ALTO (Analyzed Layout and Text Object)
ALTO (Analyzed Layout and Text Object) is a XML Schema that details technical metadata for describing the layout and content of physical text resources, such as pages of a book or a newspaper. It most commonly serves as an extension schema used with METS. However, ALTO instances can also exist as a standalone document used independently of METS.
Each ALTO file contains a style section where different styles (for paragraphs and fonts) are listed. The layout section contains what’s on the page. A page is divided into several regions (Print space, left margin, right margin, top margin and bottom margin). For each region all objects are listed which have been detected inside.
More information at the official ALTO website and the official ALTO Github website.
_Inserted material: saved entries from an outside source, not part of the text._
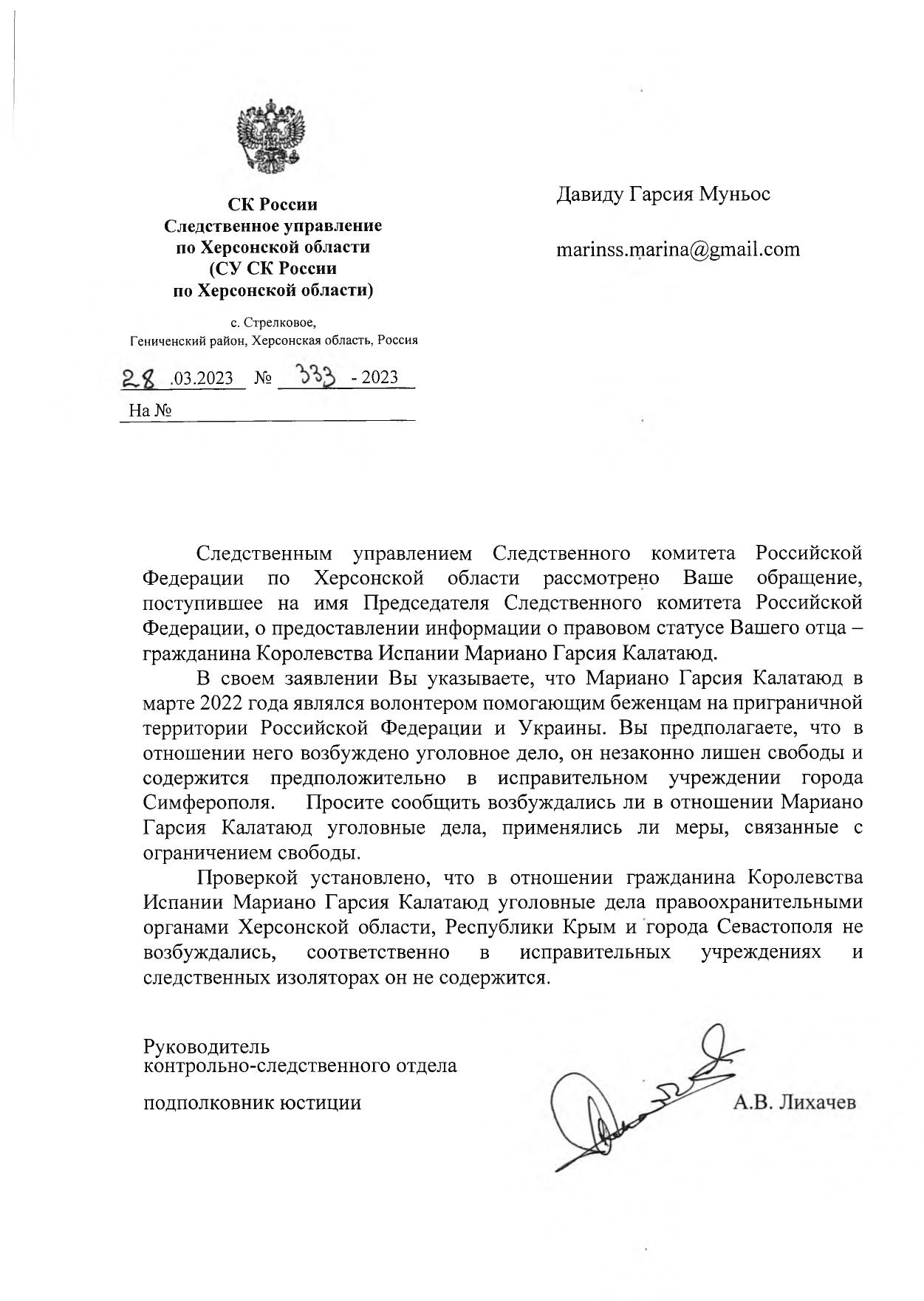 По допомогу Тетяна звернулася до правозахисників, зокрема, до адвоката Української Гельсінської спілки з прав людини, юриста громадської приймальні Благодійної організації Фонд милосердя та здоров’я, документатора злочинів РФ по Херсонській області Олександра Данилова. Щоби мати право офіційно представляти інтереси Маріо, правозахисник уклав угоду із сином волонтера – Давідом Гарсія Муньоз. І надіслав електронне звернення до слідчого комітету РФ з вимогою розслідувати викрадення російськими військовими та незаконне утримання цивільної людини – Мар’яно Гарсіа Калатаюд.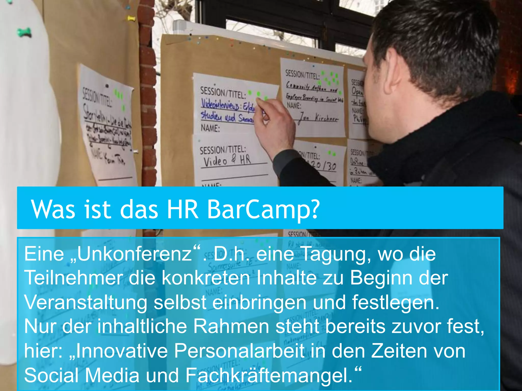 Das HR Barcamp ist eine 'unkonferenz', bei der Teilnehmer zu Beginn selbst Themen vorschlagen und auswählen, um innovative Human Resources Themen zu erörtern. Der Ablauf beinhaltet die Themenfindung, Abstimmung sowie die Durchführung von Sessions, die einen Dialog und Austausch fördern sollen. Das Event findet am 6./7. März 2014 in Berlin statt und ist kostengünstig und nicht-kommerziell.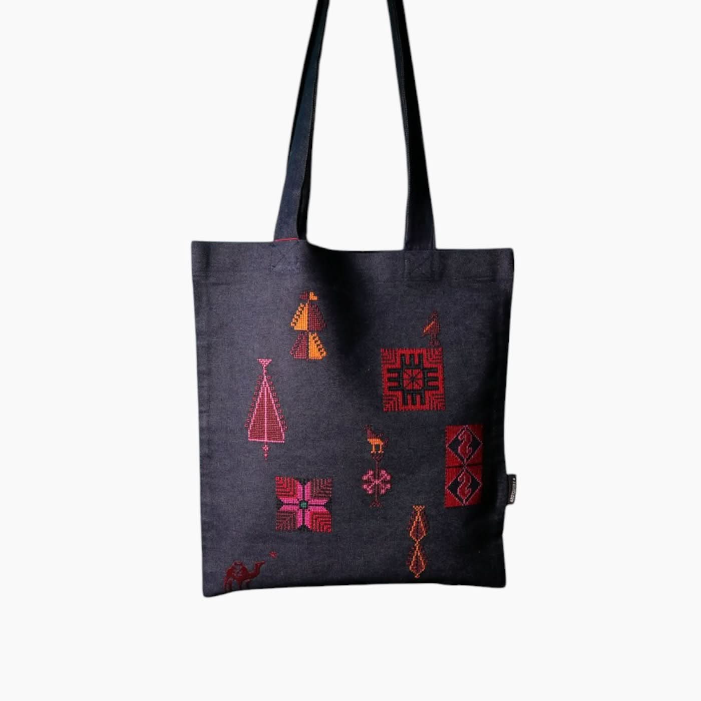 Folkglory Palestinian Motifs Denim Tote Bag( Default Title ) - https://shophuna.com/products/palestinian-motifs-denim-tote-bag-1015?variant=51347074580764
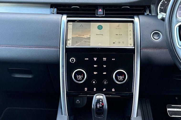 10" touch screen, 3D Surround Camera with 360 View, 180 Rear View, Front Traffic Detection, Forward Vehicle Guidance, Tow Hitch Assist and clear sight Ground View, Android Auto, Apple CarPlay, Driver condition monitor, eCall emergency call system, Front and rear parking aid, InControl remote premium, Lane keep assist, PAS, Pivi Pro connected navigation system with upgraded Infotainment, Powered tailgate/boot lid, Rear view camera, Service interval indicator, Traffic sign recognition with adaptive speed limiter, Trip computer, Wade Sensing, All terrain progress control, Coil suspension system, Diesel particulate filter, Terrain Response 2, Bluetooth connectivity including audio streaming, Digital Audio Broadcast radio-DAB, Steering wheel mounted audio controls, 3rd brake light, Automatic headlights, Day time running light, Electric front/rear windows, No badges, Power fold, auto-dimming, heated door mirrors with approach lights, Privacy glass, Rain sensing windscreen wipers, Rear fog lights, Rear side wing doors, Rear wiper, 3 seat bench in 2nd row, Bright metal pedals, Centre console with armrest, Front passenger isofix child seat attachment, Front passenger seat, Rear headrests, Satin chrome gearshift paddles, Sunvisors with illuminated vanity mirrors, Third row dual adjustable individual seats, Tilt/reach adjustable steering wheel, Black exterior pack - Discovery sport, Online pack - Discovery sport, 3 point seatbelts on all seats, ABS, Brake hold function, Child locks on rear doors, Collision mitigation braking system, Cornering brake control (CBC), Driver/Front Passenger airbags, Drivers knee airbag, Electronic brake force distribution, Electronic parking brake, Emergency brake assist, ESP + traction control, Hill descent control, Hill launch assist, Pedestrian airbag system, Rear seat ISOFIX, Side and curtain airbags for front and 2nd row seats, Trailer stability control, Tyre pressure monitoring system, Battery Back Up System (BBUS) with tilt sensor, Intrusion sensor, Locking wheel nuts, Centre stack rails in noble chrome,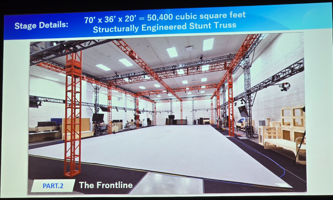 接下来让我们谈谈技术,以及舞台上的实际情况。我们的舞台横跨两层楼,总面积超过 5 万立方英尺,是美国最大的动作捕捉棚之一。虽然我不敢断言它是全美最大,但很可能是洛杉矶最大的。舞台墙壁覆盖着隔音材料,并配备了静音空调系统,以确保在如此巨大的空间中依然能够获得理想的音质效果。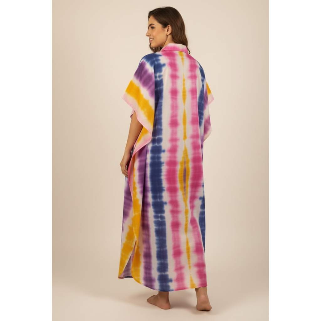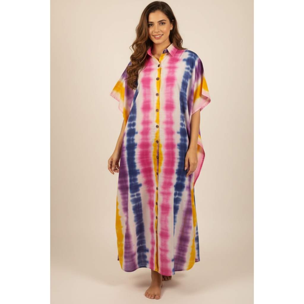 This vibrant long kaftan features a stunning multi-color tie-dye pattern with a full button-down front and a comfortable collar neck. Made from soft, breathable cotton, it is perfect for daily wear, lounging, vacations, and resort looks. The relaxed silhouette provides effortless comfort and fits beautifully up to 52" bust (4XL).

Tools that have this format as input[edit]
Tool | Purpose |
---|---|
BnL Mets Exporter | Command Line Interface (CLI) to export METS/ALTO documents to other formats. |
Bnlviewer | METS / ALTO viewer written in Java and Javascript |
Namalysator | Tool for METS/ALTO validation and quality control |
Veridian | Online search, discovery, and display of digitized newspaper collections |
Tools that have this format as output[edit]
Tool | Purpose |
---|---|
Docworks | Document digitization workflow software |
Goobi | Workflow Management Tool |
Kraken | Open Source turn-key OCR system forked from ocropus |
Limb Processing | Software for processing, enhancing and converting cultural heritage into digital cultural heritage |
Namalysator | Tool for METS/ALTO validation and quality control |
NumaHOP | Platform for digitization projects management |
Tesseract-ocr | Open source OCR engine, accepting uncompressed TIFF files as input |